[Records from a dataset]
*-*-*
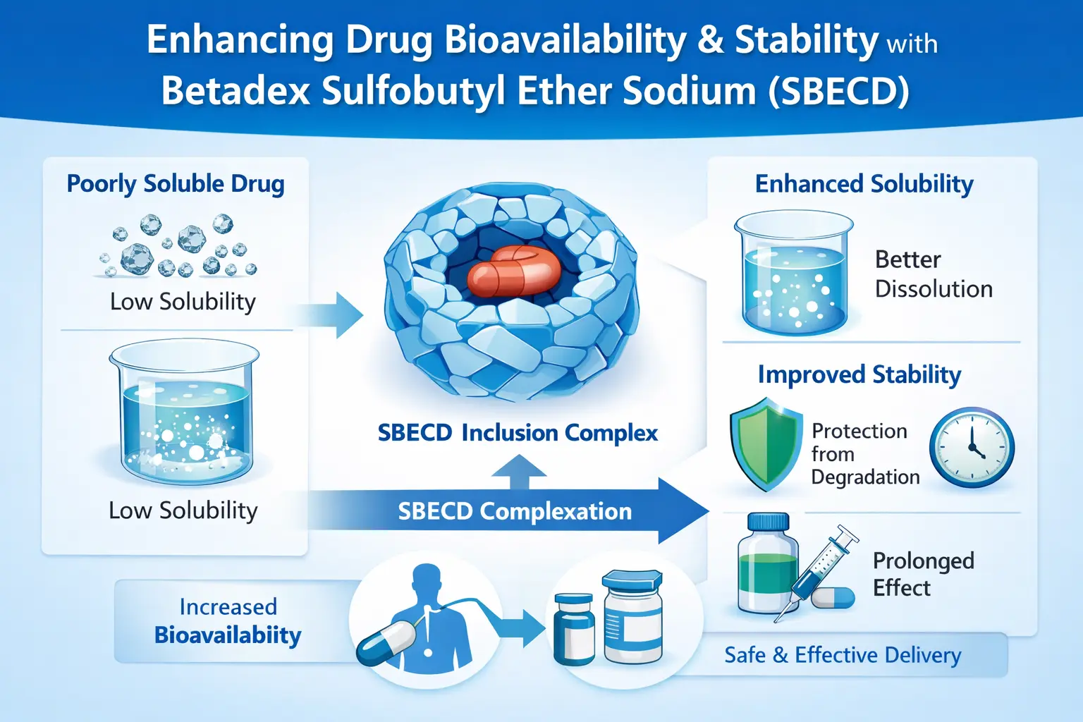 বিটাডেক্স সালফোবুটিল ইথার সোডিয়াম ফার্মাসিউটিক্যাল এক্সিপিয়েন্টের বিজ্ঞানে একটি বড় পদক্ষেপ। এটি ওষুধের যৌগগুলি তৈরি করা সম্ভব করে যা আগে তৈরি করা কঠিন ছিল। কারণ এটি একই সময়ে স্থিতিশীলতা এবং জৈব উপলভ্যতা উন্নত করতে পারে, এটি বর্তমান ফার্মাসিউটিক্যাল উন্নয়নের জন্য অপরিহার্য। SBECD এর আণবিক এনক্যাপসুলেশন বৈশিষ্ট্যগুলি এটিকে কাজ করে। তারা এমন ওষুধ তৈরি করে যা খুব সহজে সহজে দ্রবীভূত হয় না। যেহেতু ওষুধ কোম্পানিগুলি আরও জটিল থেরাপিউটিক যৌগগুলি তৈরি করতে থাকে, তাই SBECD তাদের গবেষণা এবং লঞ্চের সময় ভালভাবে কাজ করে এমন পণ্যগুলি তৈরি করতে তাদের প্রয়োজনীয় ফর্মুলেশন স্বাধীনতা দেয়৷
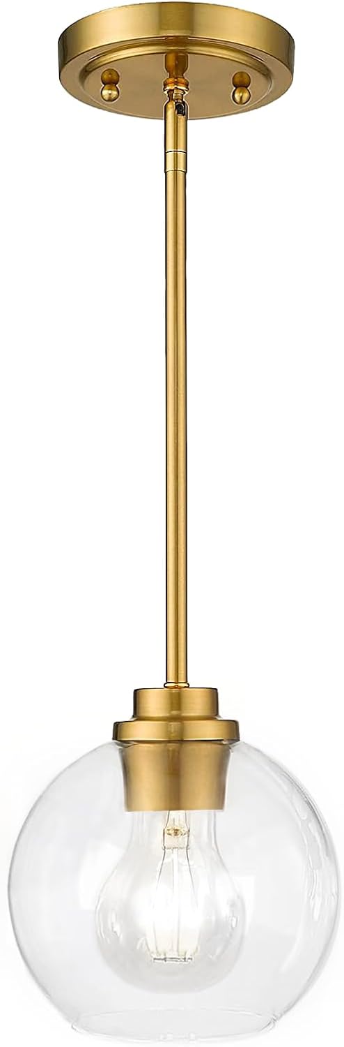 • 【STYLISH DESIGN】These farmhouse pendant lights feature a stunning 7" clear glass globe paired with a luxurious gold metal base that resists fading and corrosion. The downward-casting dome silhouette creates perfect task lighting over your kitchen island, while the transparent glass shade adds modern elegance to any farmhouse, contemporary or traditional decor.
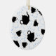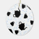Lightweight, smooth, pure white ornament with nice sheen. Perfect size to be seen from across the room ... and to attract closer inspection! Price was great for ordering enough for the whole family! Clear, bold black design just as requested. Matches the order exactly. Just so nice!
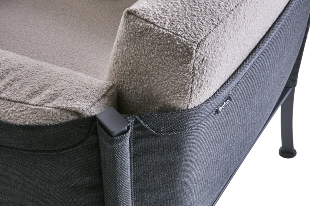 De klädda dynorna i bouclé-inspirerat solefin-tyg ger inte bara ett elegant utseende utan är också resistenta mot väder och vind, vilket gör dem lättskötta och långlivade. Soffans design, med sina följsamma sidor och generösa dimensioner, inbjuder till långa stunder av avkoppling och njutning.
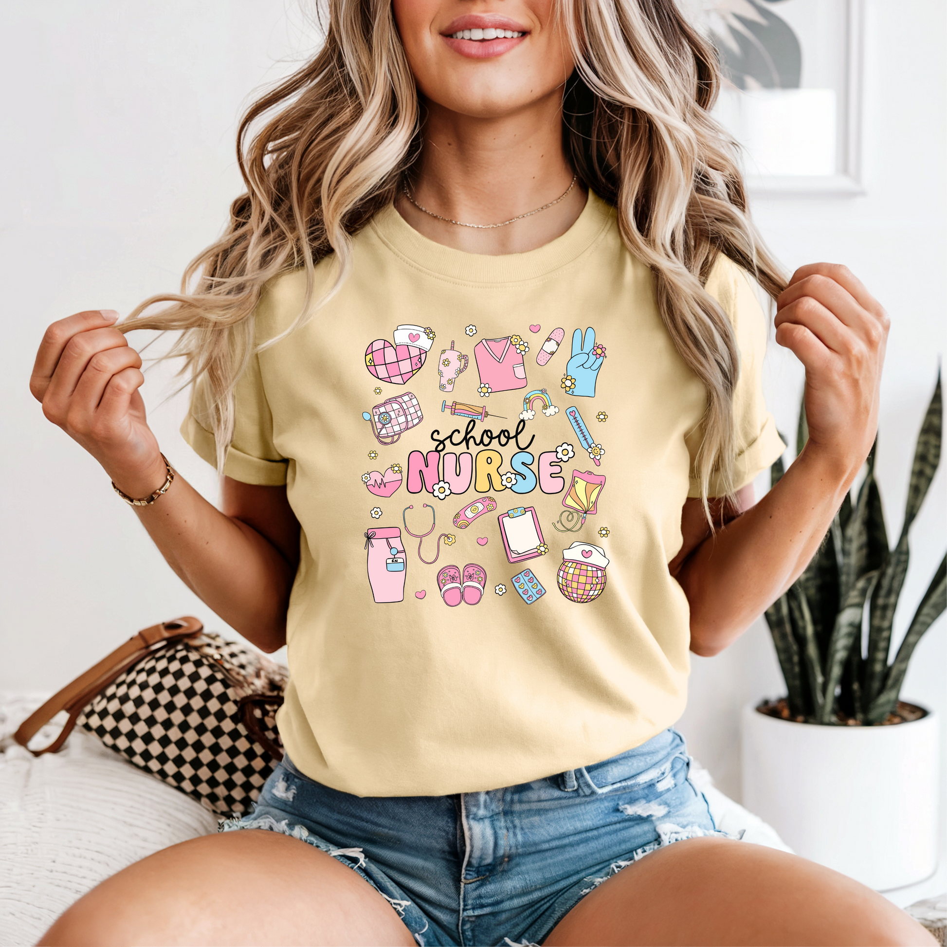 Printed on a soft, sunny Comfort Colors® shirt, this design is bursting with adorable school nurse-themed icons—think clipboards, thermometers, cozy slippers, and a whole lot of love. It’s a cheerful and colorful way to celebrate those who keep our kiddos (and staff) feeling their best.
*-*-*
** Requirement **
All entries above, minus the pictures, should be repeated exactly.

** Solved exercise **
 বিটাডেক্স সালফোবুটিল ইথার সোডিয়াম ফার্মাসিউটিক্যাল এক্সিপিয়েন্টের বিজ্ঞানে একটি বড় পদক্ষেপ। এটি ওষুধের যৌগগুলি তৈরি করা সম্ভব করে যা আগে তৈরি করা কঠিন ছিল। কারণ এটি একই সময়ে স্থিতিশীলতা এবং জৈব উপলভ্যতা উন্নত করতে পারে, এটি বর্তমান ফার্মাসিউটিক্যাল উন্নয়নের জন্য অপরিহার্য। SBECD এর আণবিক এনক্যাপসুলেশন বৈশিষ্ট্যগুলি এটিকে কাজ করে। তারা এমন ওষুধ তৈরি করে যা খুব সহজে সহজে দ্রবীভূত হয় না। যেহেতু ওষুধ কোম্পানিগুলি আরও জটিল থেরাপিউটিক যৌগগুলি তৈরি করতে থাকে, তাই SBECD তাদের গবেষণা এবং লঞ্চের সময় ভালভাবে কাজ করে এমন পণ্যগুলি তৈরি করতে তাদের প্রয়োজনীয় ফর্মুলেশন স্বাধীনতা দেয়৷
 • 【STYLISH DESIGN】These farmhouse pendant lights feature a stunning 7" clear glass globe paired with a luxurious gold metal base that resists fading and corrosion. The downward-casting dome silhouette creates perfect task lighting over your kitchen island, while the transparent glass shade adds modern elegance to any farmhouse, contemporary or traditional decor.
Lightweight, smooth, pure white ornament with nice sheen. Perfect size to be seen from across the room ... and to attract closer inspection! Price was great for ordering enough for the whole family! Clear, bold black design just as requested. Matches the order exactly. Just so nice!
 De klädda dynorna i bouclé-inspirerat solefin-tyg ger inte bara ett elegant utseende utan är också resistenta mot väder och vind, vilket gör dem lättskötta och långlivade. Soffans design, med sina följsamma sidor och generösa dimensioner, inbjuder till långa stunder av avkoppling och njutning.
 Printed on a soft, sunny Comfort Colors® shirt, this design is bursting with adorable school nurse-themed icons—think clipboards, thermometers, cozy slippers, and a whole lot of love. It’s a cheerful and colorful way to celebrate those who keep our kiddos (and staff) feeling their best.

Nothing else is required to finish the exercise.